QB do what you have to do IMO I dont think your the type to take a sledge hammer to the horse or batter it with a 2x4 etc  

Click to expand...

Whoo hoo!  I agree.  The most dangerous horses I've met are the ones who are owned by people who have watched a bit of Monty or Parelli man and think that they can do this too.  A little bit of knowledge can be a bad thing.  I enjoy watching Monty and KM but am under no illusions that they make that stuff look easy.  How many times have they sorted out a horse in the ring only for it to go back to its owner and immediately revert back to its bad behaviour?  

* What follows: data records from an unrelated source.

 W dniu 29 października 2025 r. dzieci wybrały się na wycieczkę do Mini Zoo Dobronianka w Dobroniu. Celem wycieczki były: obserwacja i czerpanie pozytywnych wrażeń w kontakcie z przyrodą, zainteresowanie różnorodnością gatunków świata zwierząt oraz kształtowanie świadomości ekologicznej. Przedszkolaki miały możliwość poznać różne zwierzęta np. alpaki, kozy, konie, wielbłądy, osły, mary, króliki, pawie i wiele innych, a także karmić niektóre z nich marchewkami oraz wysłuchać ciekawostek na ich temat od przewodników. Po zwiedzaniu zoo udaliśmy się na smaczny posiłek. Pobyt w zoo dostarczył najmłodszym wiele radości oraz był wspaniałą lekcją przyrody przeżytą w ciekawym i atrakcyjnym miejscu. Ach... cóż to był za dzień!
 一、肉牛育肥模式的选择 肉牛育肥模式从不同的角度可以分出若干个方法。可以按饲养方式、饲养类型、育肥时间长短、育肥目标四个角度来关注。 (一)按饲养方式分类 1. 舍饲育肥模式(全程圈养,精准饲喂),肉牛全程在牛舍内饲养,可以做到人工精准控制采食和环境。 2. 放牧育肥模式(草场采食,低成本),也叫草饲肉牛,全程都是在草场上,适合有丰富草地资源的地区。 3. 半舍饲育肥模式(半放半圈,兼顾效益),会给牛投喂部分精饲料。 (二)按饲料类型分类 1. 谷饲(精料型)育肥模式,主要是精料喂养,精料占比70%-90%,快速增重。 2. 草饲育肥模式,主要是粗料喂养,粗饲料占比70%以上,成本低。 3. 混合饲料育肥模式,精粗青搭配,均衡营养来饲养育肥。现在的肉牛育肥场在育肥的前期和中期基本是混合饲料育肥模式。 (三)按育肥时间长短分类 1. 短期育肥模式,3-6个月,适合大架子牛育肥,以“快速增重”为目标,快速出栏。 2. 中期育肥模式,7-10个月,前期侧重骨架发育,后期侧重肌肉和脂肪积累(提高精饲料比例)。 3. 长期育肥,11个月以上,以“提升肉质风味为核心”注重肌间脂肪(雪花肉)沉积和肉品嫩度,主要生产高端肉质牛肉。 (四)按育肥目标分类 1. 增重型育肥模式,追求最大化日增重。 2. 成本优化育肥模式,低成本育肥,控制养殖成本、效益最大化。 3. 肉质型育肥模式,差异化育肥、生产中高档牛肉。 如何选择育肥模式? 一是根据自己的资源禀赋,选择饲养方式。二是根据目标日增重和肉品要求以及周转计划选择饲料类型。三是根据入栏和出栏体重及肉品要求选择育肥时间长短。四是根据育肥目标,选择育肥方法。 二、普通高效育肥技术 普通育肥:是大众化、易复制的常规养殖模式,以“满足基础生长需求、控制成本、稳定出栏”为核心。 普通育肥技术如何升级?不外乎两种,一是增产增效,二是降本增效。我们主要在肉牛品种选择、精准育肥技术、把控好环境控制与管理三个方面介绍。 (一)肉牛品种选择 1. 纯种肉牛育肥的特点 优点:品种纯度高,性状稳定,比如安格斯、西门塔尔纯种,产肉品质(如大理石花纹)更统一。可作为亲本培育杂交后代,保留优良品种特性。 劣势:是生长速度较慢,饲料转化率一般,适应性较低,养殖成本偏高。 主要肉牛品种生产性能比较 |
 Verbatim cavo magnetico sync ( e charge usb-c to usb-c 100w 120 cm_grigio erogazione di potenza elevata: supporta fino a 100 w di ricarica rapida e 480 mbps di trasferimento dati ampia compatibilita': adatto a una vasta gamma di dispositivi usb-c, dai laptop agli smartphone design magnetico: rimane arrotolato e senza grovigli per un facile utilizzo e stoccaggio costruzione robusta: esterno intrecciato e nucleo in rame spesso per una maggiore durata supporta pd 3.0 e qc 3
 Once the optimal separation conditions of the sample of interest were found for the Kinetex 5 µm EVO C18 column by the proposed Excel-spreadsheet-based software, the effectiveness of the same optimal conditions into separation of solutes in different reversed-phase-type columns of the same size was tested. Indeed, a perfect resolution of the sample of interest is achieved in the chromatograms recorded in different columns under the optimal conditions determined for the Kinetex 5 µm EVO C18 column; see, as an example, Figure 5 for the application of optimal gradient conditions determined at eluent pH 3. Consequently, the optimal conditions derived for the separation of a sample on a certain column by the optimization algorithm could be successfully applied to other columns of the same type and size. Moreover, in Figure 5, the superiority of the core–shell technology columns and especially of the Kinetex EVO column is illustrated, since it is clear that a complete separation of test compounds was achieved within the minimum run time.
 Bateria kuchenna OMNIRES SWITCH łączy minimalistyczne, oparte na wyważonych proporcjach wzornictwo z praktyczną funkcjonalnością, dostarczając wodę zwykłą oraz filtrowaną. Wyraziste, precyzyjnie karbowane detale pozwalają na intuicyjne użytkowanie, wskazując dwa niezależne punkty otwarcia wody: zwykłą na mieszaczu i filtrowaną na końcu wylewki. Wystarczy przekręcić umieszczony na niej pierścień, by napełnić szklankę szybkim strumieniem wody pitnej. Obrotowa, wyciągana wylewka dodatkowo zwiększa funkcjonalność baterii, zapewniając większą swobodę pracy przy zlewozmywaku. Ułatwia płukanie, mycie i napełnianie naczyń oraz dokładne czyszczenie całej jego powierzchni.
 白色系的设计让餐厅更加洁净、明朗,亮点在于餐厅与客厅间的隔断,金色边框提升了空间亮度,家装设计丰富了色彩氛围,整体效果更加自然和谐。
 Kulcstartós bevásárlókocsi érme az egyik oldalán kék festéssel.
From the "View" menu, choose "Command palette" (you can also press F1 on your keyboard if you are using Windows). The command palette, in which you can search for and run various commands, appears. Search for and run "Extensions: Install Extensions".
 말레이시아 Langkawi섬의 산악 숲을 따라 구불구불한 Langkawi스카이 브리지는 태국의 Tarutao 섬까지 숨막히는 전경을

On almost every yard there seems to be someone who likes to do the 'natural horsemanship' thing and ironically their horse is often the bargiest, rudest, most bad mannered animal on yard because they don't understand that horses need discipline and to understand their place in the pecking order.  This doesn't mean being cruel and beating the c**p out of it.


----------



## Tinypony (5 October 2012)

Queenbee said:



			Unfortunately one hit wont do it... it will take something like this 'hit, buck, hit, kick, hit, kick, hit bum, hit, kick, hit, flat ears, hit, flat ears, hit, nothing... unfortunately that is what we are talking about, he is very challenging before he concedes... dominatrix outfit needed!
		
Click to expand...

I don't think there has been a lot of room for misunderstanding personally.  I also accept that, for many, getting tough with a chiffney and repeatedly belting a horse would be acceptable because they think it is the only way they can keep themselves safe.  It's always "interesting" to read other views and I don't think anyone should expect for a minute that they might change opinions on something like this.


----------



## Tinypony (5 October 2012)

emmah1979 said:



			Whoo hoo!  I agree.  The most dangerous horses I've met are the ones who are owned by people who have watched a bit of Monty or Parelli man and think that they can do this too.  A little bit of knowledge can be a bad thing.  I enjoy watching Monty and KM but am under no illusions that they make that stuff look easy.  How many times have they sorted out a horse in the ring only for it to go back to its owner and immediately revert back to its bad behaviour?  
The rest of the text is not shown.